Recorded information:
· · · ·

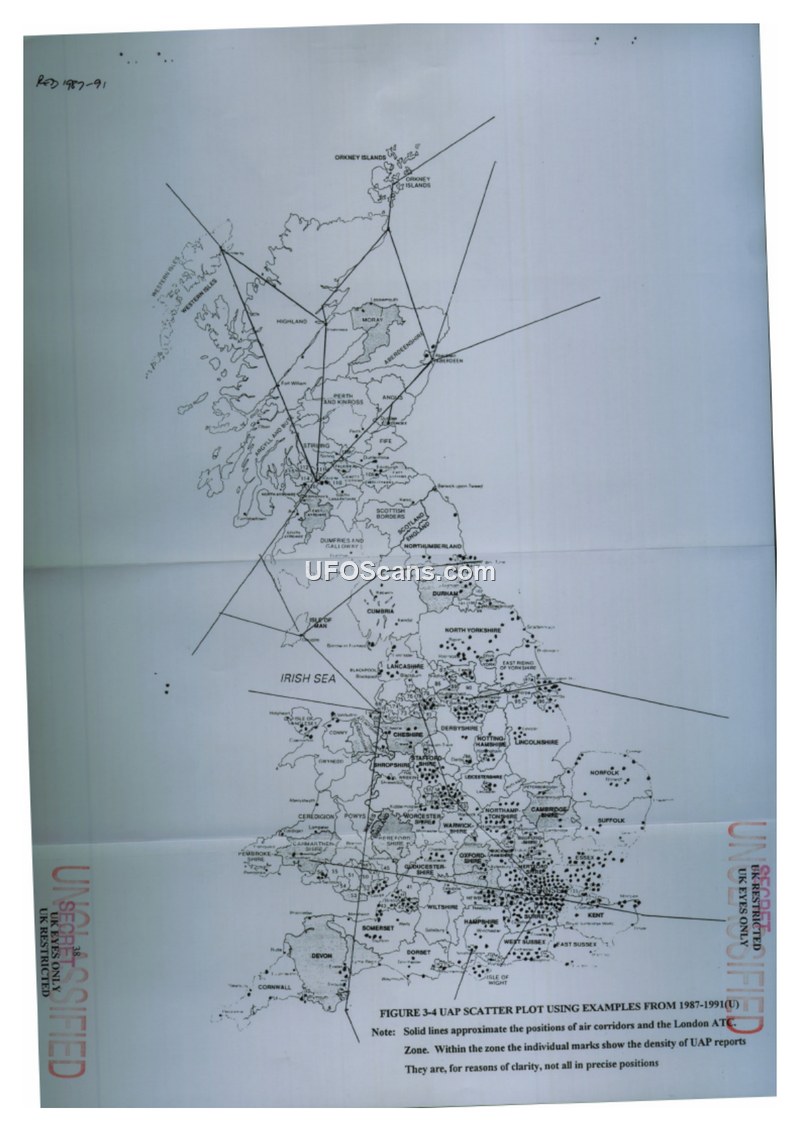 This document is a scatter plot map showing the density of UAP reports across the UK from 1987-1991. It overlays these reports with air corridors and the London ATC zone to visualize potential correlations.
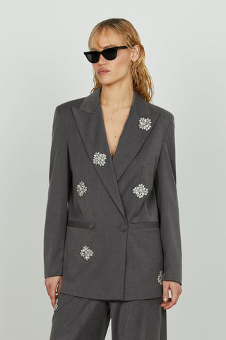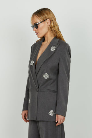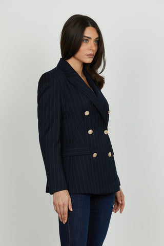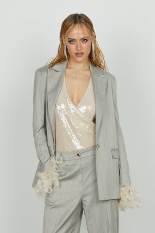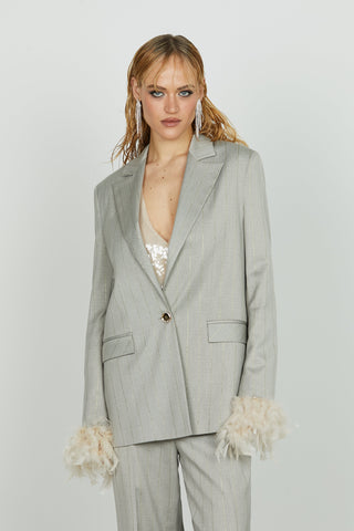 Giacca BREDA manica lunga con piume 1 bottone più patte gessato lurex
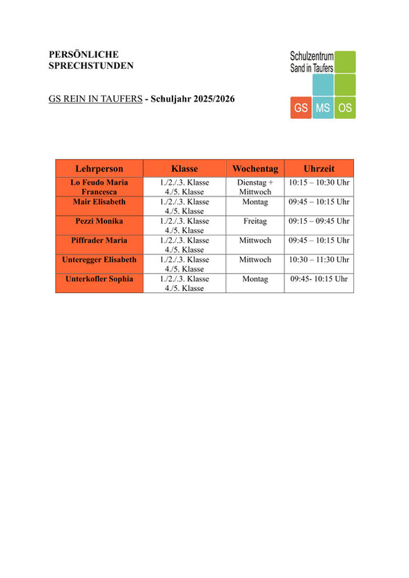 Unterrichtszeit/Fächer/Persönliche Sprechstunden Lp
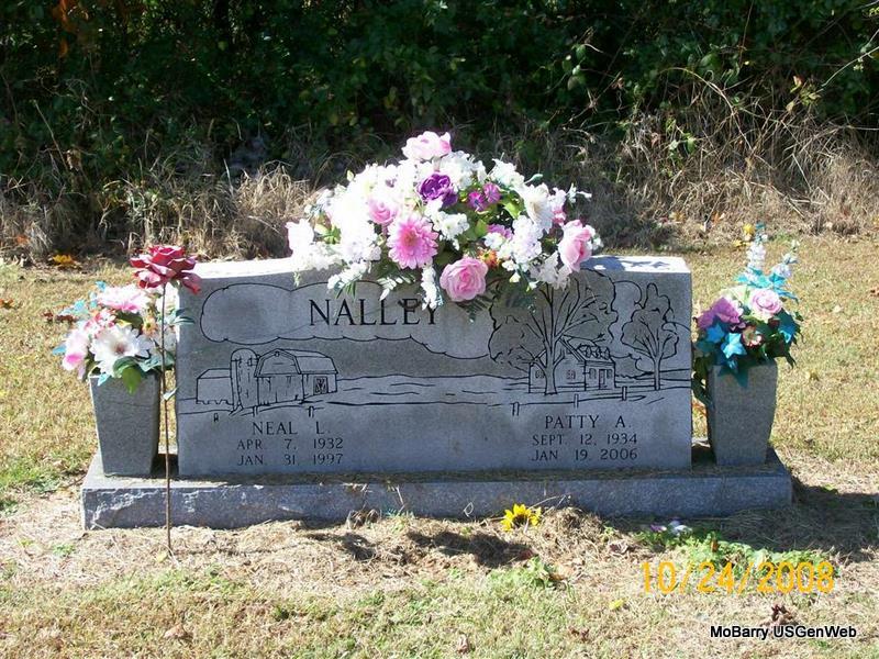 SSW: Neal L. - Research Note: She was the daughter of Lorene Pennell. When she was 7 years old Lorene married Blaine Ray and moved to Olathe, Kan. Patty lived on and off with W.H. (Burg) and Vida Pennell, attending school in Olathe and Butterfield. On December 1, 1951, Patty married Neal L. Nalley at Olathe, Kansas, Neal preceded her in death in January 1997. This union produced 4 children. Patty worked many years as a proofreader in Kansas City, MO. Retiring from Denton Community Hospital as food supervisor in 1989. Arrangements were under direction of Mulkey-Mason Funeral Home, Denton, Texas. - Another Photo - Another Photo | Monett Times Phyllis Long Photos Diana Cope Photo Jay Trace |
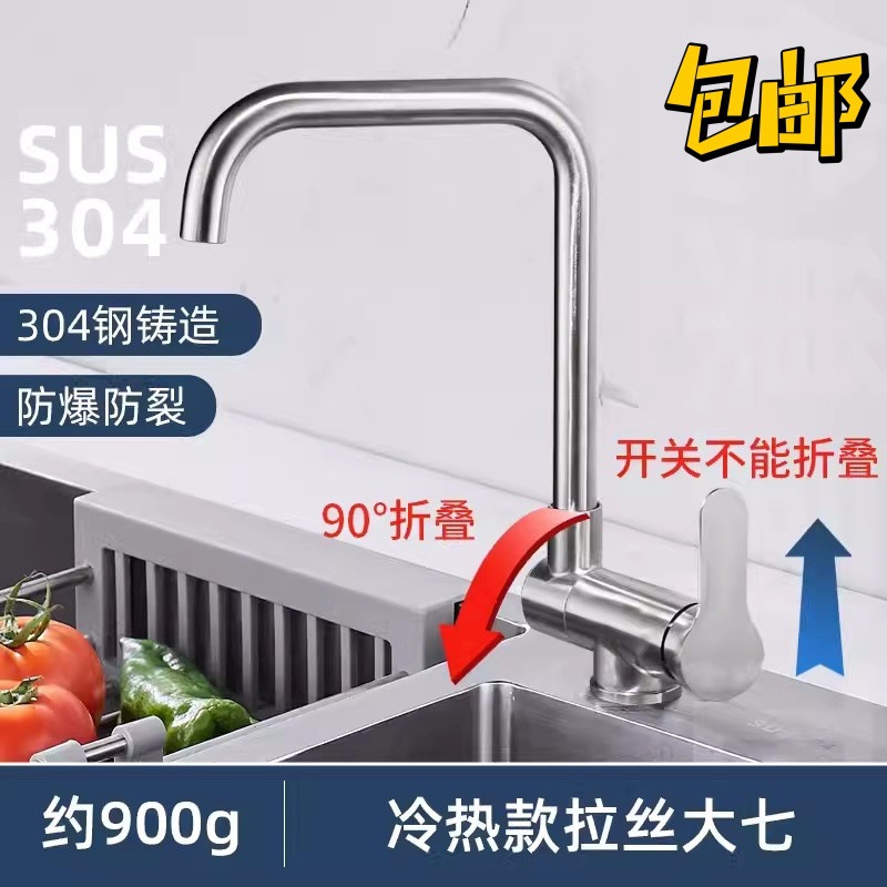 Keran wastafel dapur tahan karat, keran wastafel tahan percikan berputar keran wastafel panas dan dingin 304
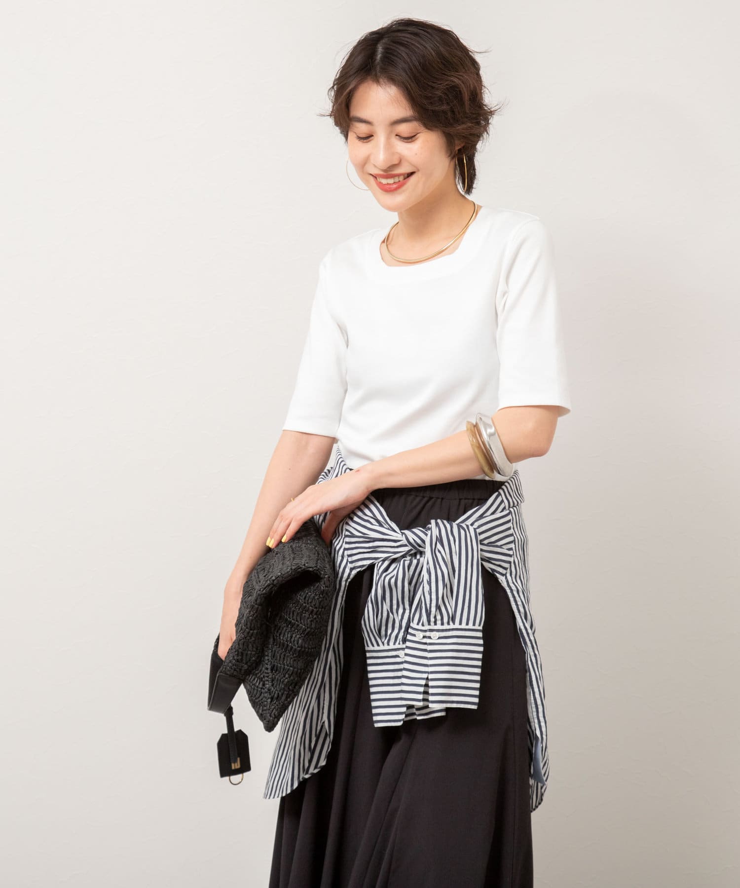 デコルテがキレイに見えるスクエアネックで、ジャケットやジレのインナーにすると丁度ストレートなラインで見えるのでとても気に入ってます。カジュアル見えしないので仕事用にヘビロテしてます!
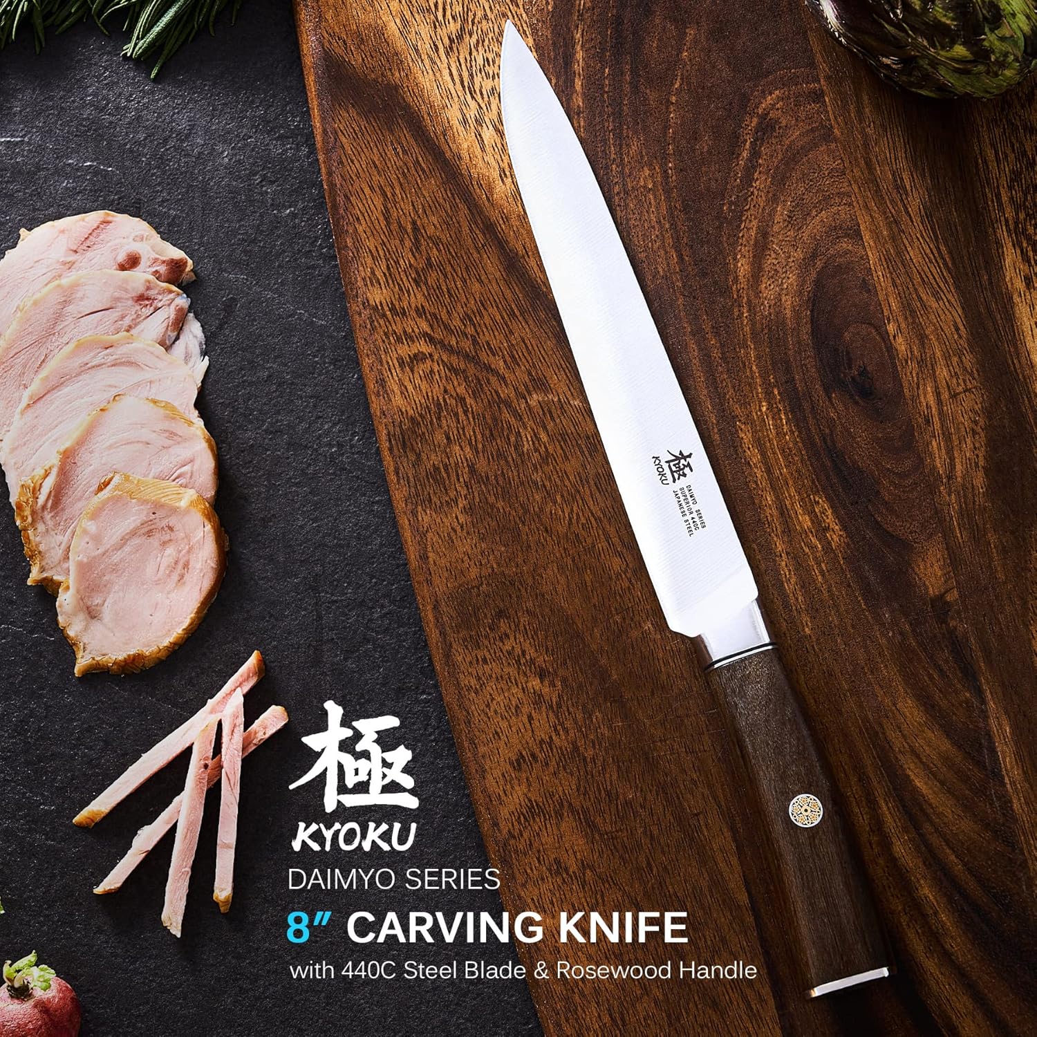 8″ CARVING KNIFE: This carving knife is part of Kyoku’s premier Daimyo series, manufactured with modern technology and traditional care and craftsmanship; its Japanese 440C stainless steel has been vacuum heat treated and paired with a perfectly balanced rosewood handle to offer superior precision and control to home chefs and culinary professionals alike
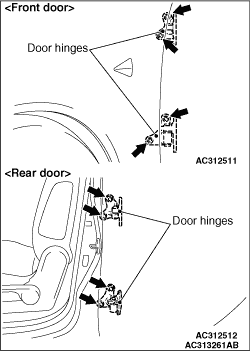 Adjustment by using the striker (toward the outside of the vehicle) Use special tools sliding hammer (MB990211) and body puller (MB990243) to pull the striker
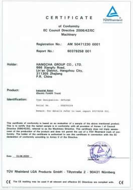 從技術(shù)層面看,工業(yè)叉車(chē)已從人工操控的機械產(chǎn)品向電子信息系統控制的智能產(chǎn)品轉變,對工業(yè)叉車(chē)的智能性和安全性提出了更G的要求。在認證機構萊茵的大力支持和指導下,杭叉集團協(xié)同三方技術(shù)力量,嚴格按照技術(shù)評審、關(guān)鍵零部件選型、樣機初檢、技術(shù)整改、現場(chǎng)試驗、資料整改要求,逐項攻克基礎性能、功能安全、電氣安全、風(fēng)險評估中的技術(shù)難點(diǎn),終獲得證書(shū)。
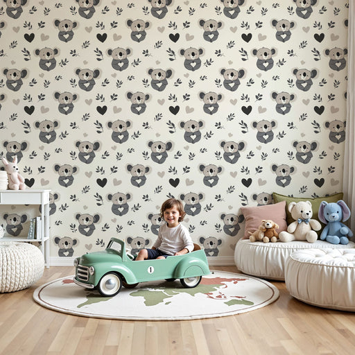 KidsWallTransformez la chambre de votre enfant en un havre de douceur avec ce papier peint pour chambre d’enfant orné de charmants koalas. Sur un fond gris...
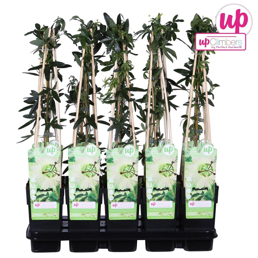 'Passiflora caerulea Constance Elliot' is een klimplant met prachtige ivoorwitte passiebloemen. De plant komt oorspronkelijk uit centraal en west Zuid-Amerika, maar nu kan je ook tropische sferen in eigen tuin creëren. Van juni tot september kun je bloemen in de passiflora verwachten. De Passiebloem is een echte mooi weer bloeier. Op warme dagen met veel licht/zon zullen de knoppen open springen. Op wat koudere en donkere dagen zullen er slechts weinig bloemen open springen. Het is een echte klimmer en heeft daarom graag ondersteuning bij het groeien van een klimrek of bescherming.
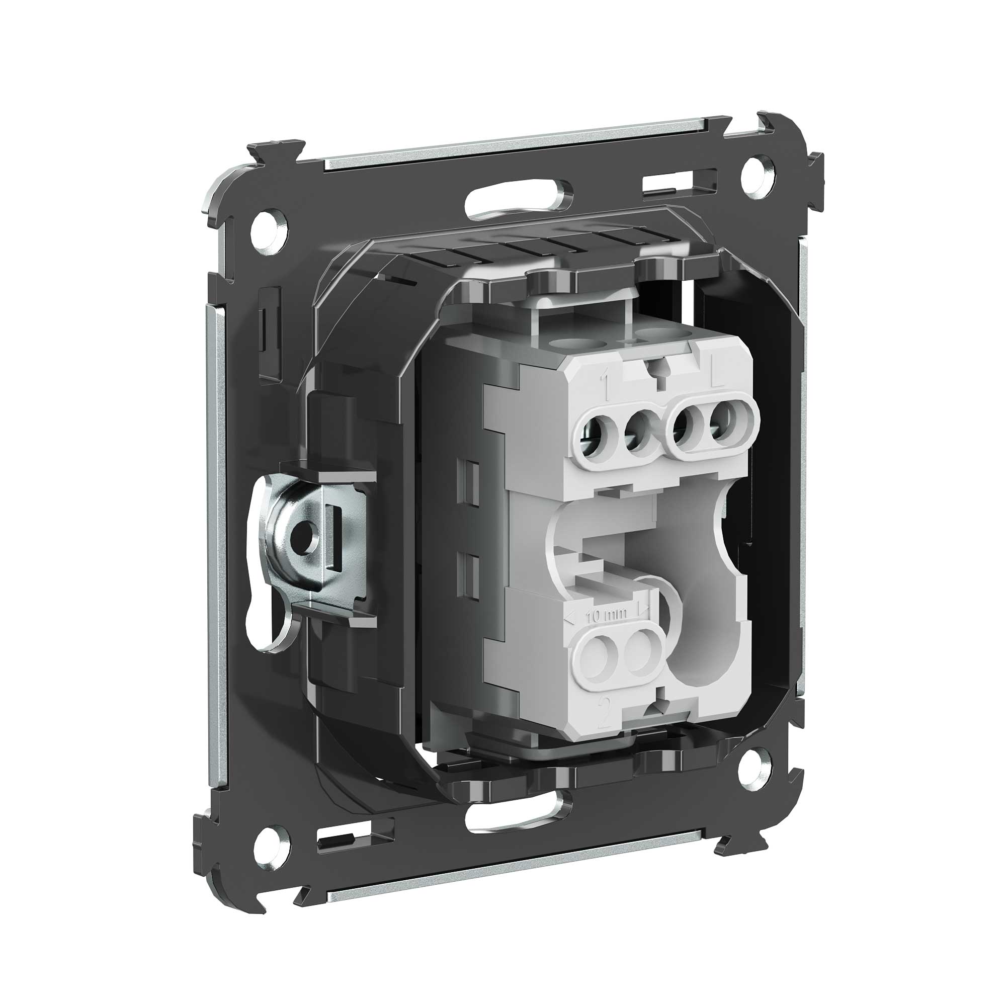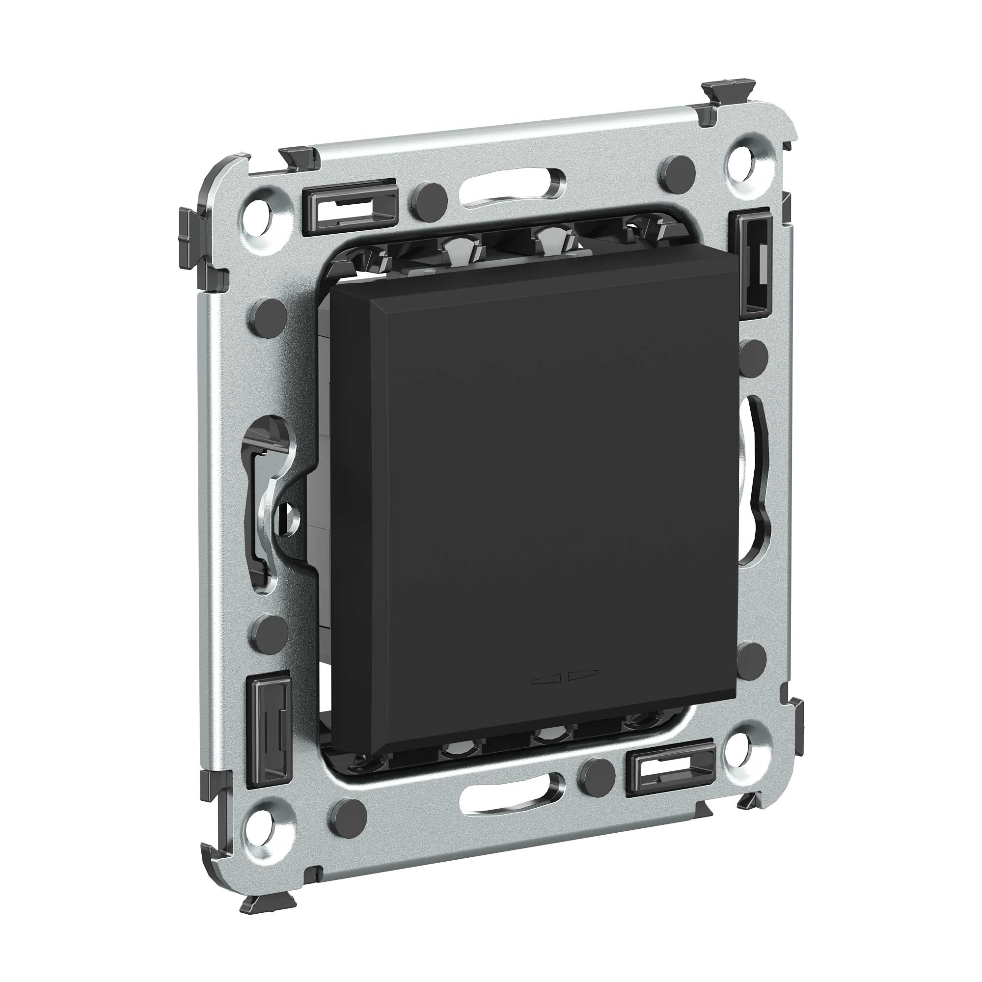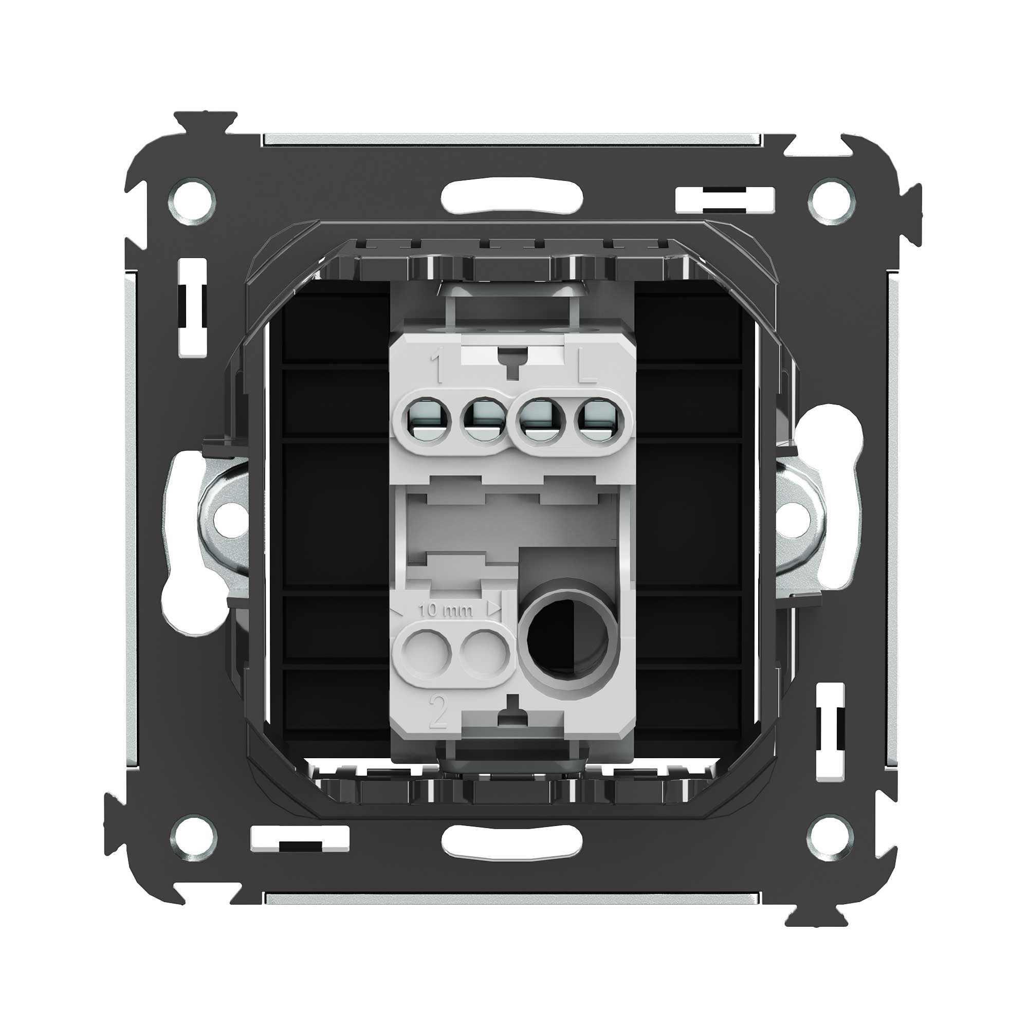 Кнопка одноклавишная. Назначение: для монтажа в подрозеточные коробки глубиной не менее 45 мм (код 59301). Используется в качестве кратковременного включения источника питания энергией. Характеристики: 2 модуля, диаметр отверстий для ввода кабелей – 3 мм (по 2 отверстия на одну клемму); винтовые зажимы; шаблон для зачистки кабеля – 11 мм; номинальный ток – 10 A; номинальное напряжение – 230 В; фиксация в подрозеточные коробки при помощи каркаса с лапками (код 4400802) и саморезов. Цвет: "Черный матовый".

· · · ·

Activity:
Give back an exact repeat of the lines from the top of the data through the line that holds "Unterrichtszeit/Fächer/Persönliche Sprechstunden Lp", both included, and omit pictures.

Exercise response:
 This document is a scatter plot map showing the density of UAP reports across the UK from 1987-1991. It overlays these reports with air corridors and the London ATC zone to visualize potential correlations.
 Giacca BREDA manica lunga con piume 1 bottone più patte gessato lurex
 Unterrichtszeit/Fächer/Persönliche Sprechstunden Lp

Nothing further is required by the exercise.